DATA EXCERPT:
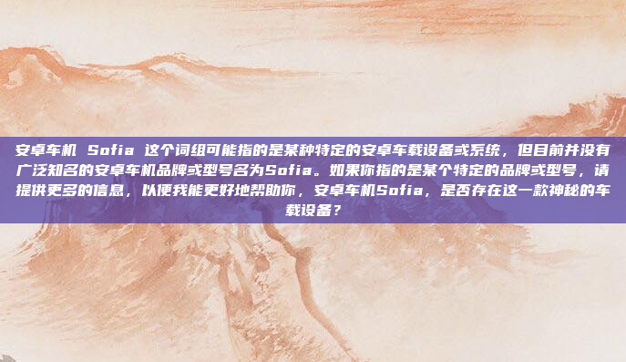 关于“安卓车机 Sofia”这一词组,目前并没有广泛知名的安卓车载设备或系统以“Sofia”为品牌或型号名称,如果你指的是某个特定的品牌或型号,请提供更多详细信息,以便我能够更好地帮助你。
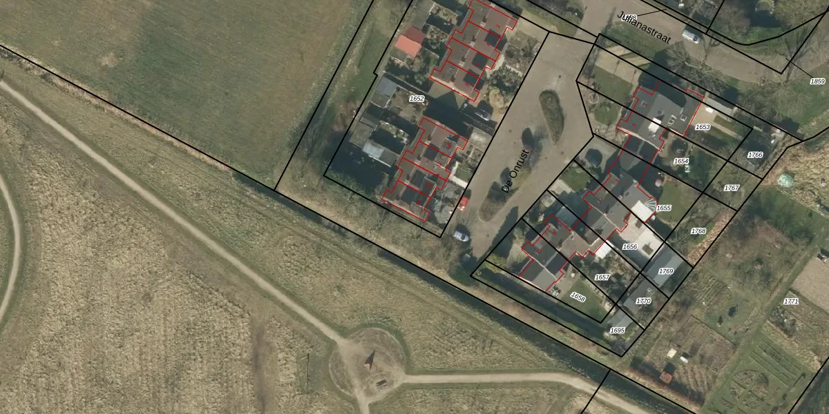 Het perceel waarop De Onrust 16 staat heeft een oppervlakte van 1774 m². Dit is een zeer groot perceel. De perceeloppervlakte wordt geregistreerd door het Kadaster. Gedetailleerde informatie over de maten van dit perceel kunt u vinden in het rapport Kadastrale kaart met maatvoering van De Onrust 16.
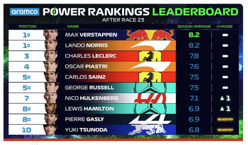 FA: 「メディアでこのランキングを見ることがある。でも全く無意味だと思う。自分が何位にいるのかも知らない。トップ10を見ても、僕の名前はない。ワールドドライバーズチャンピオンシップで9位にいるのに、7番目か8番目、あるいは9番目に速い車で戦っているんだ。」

ACTIVITY:
Reproduce exactly, and only, the lines from the one with "Het perceel waarop" to the final line of the listing above; the pictures are to be left out.

ANSWER AREA:
 Het perceel waarop De Onrust 16 staat heeft een oppervlakte van 1774 m². Dit is een zeer groot perceel. De perceeloppervlakte wordt geregistreerd door het Kadaster. Gedetailleerde informatie over de maten van dit perceel kunt u vinden in het rapport Kadastrale kaart met maatvoering van De Onrust 16.
 FA: 「メディアでこのランキングを見ることがある。でも全く無意味だと思う。自分が何位にいるのかも知らない。トップ10を見ても、僕の名前はない。ワールドドライバーズチャンピオンシップで9位にいるのに、7番目か8番目、あるいは9番目に速い車で戦っているんだ。」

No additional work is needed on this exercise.